The Wall Street Journal reports that "Apple is working on new iPhone models and a portable device that is smaller than its current laptop computers but bigger than the iPhone or iPod Touch."


In the past decade various attempts by major electronics manufacturers to bring UMPC's (or Ultra-Mobile Personal Computers) to the market have been dismal, massive failures.
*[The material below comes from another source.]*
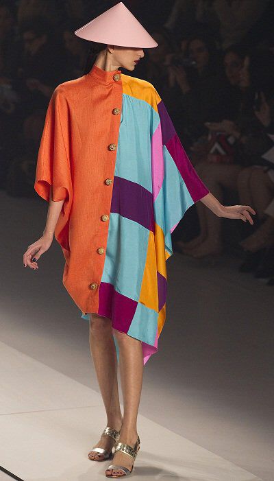 Trang phục mang hơi hướng nghệ thuật với chiếc nón hình chóp mang đến sự hài hòa trong tổng thể trang phục cho thiết kế trang phục đến từ thương hiệu thời trang Neon từng xuất hiện tại Tuần lễ thời trang Sao Paulo 2013 (Brazil).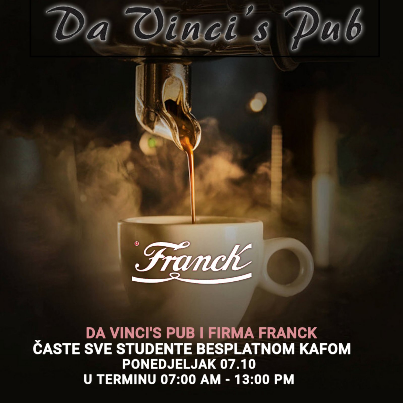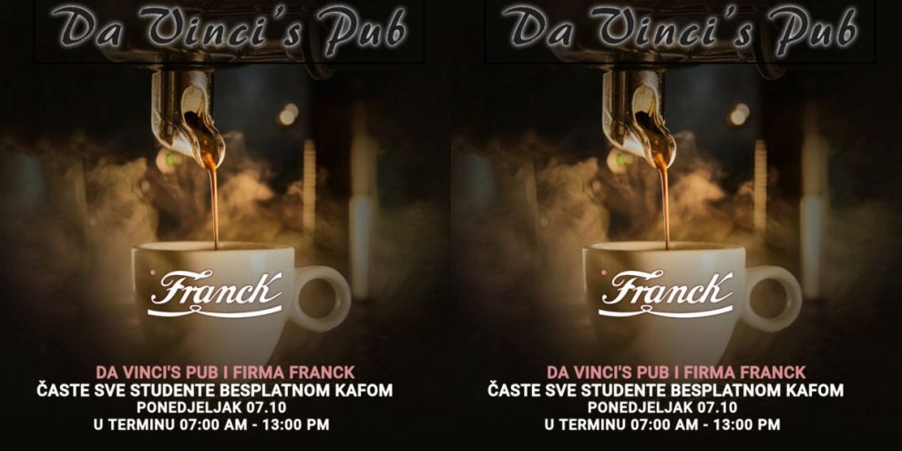 U organizaciji Da Vinci’s Puba i kompanije Franck svi studenti će u ponedjeljak, 7. oktobra, imati besplatnu kafu u Da Vinci’s Pubu Zenica!

UMPC's are fantastic for niche markets, medical, industrial, and other specific uses where a larger, tablet-style computer that is more powerful than a cell-phone but smaller and easier to carry than a full laptop computer, and especially where a full keyboard might not be necessary or useful.

Which begs the question of why Apple, a major company devoted almost solely to personal consumer electronics (no IBM is she, dabbling in all sectors of the industry) would bother producing something that will have such a difficult time finding a market. Being larger than an iPhone (meaning too large to fit easily in a pocket), but not as powerful as the smallest laptop, the fabled apple touchscreen tablet is likely to be doomed to being the red-headed middle child of Apple's lineup.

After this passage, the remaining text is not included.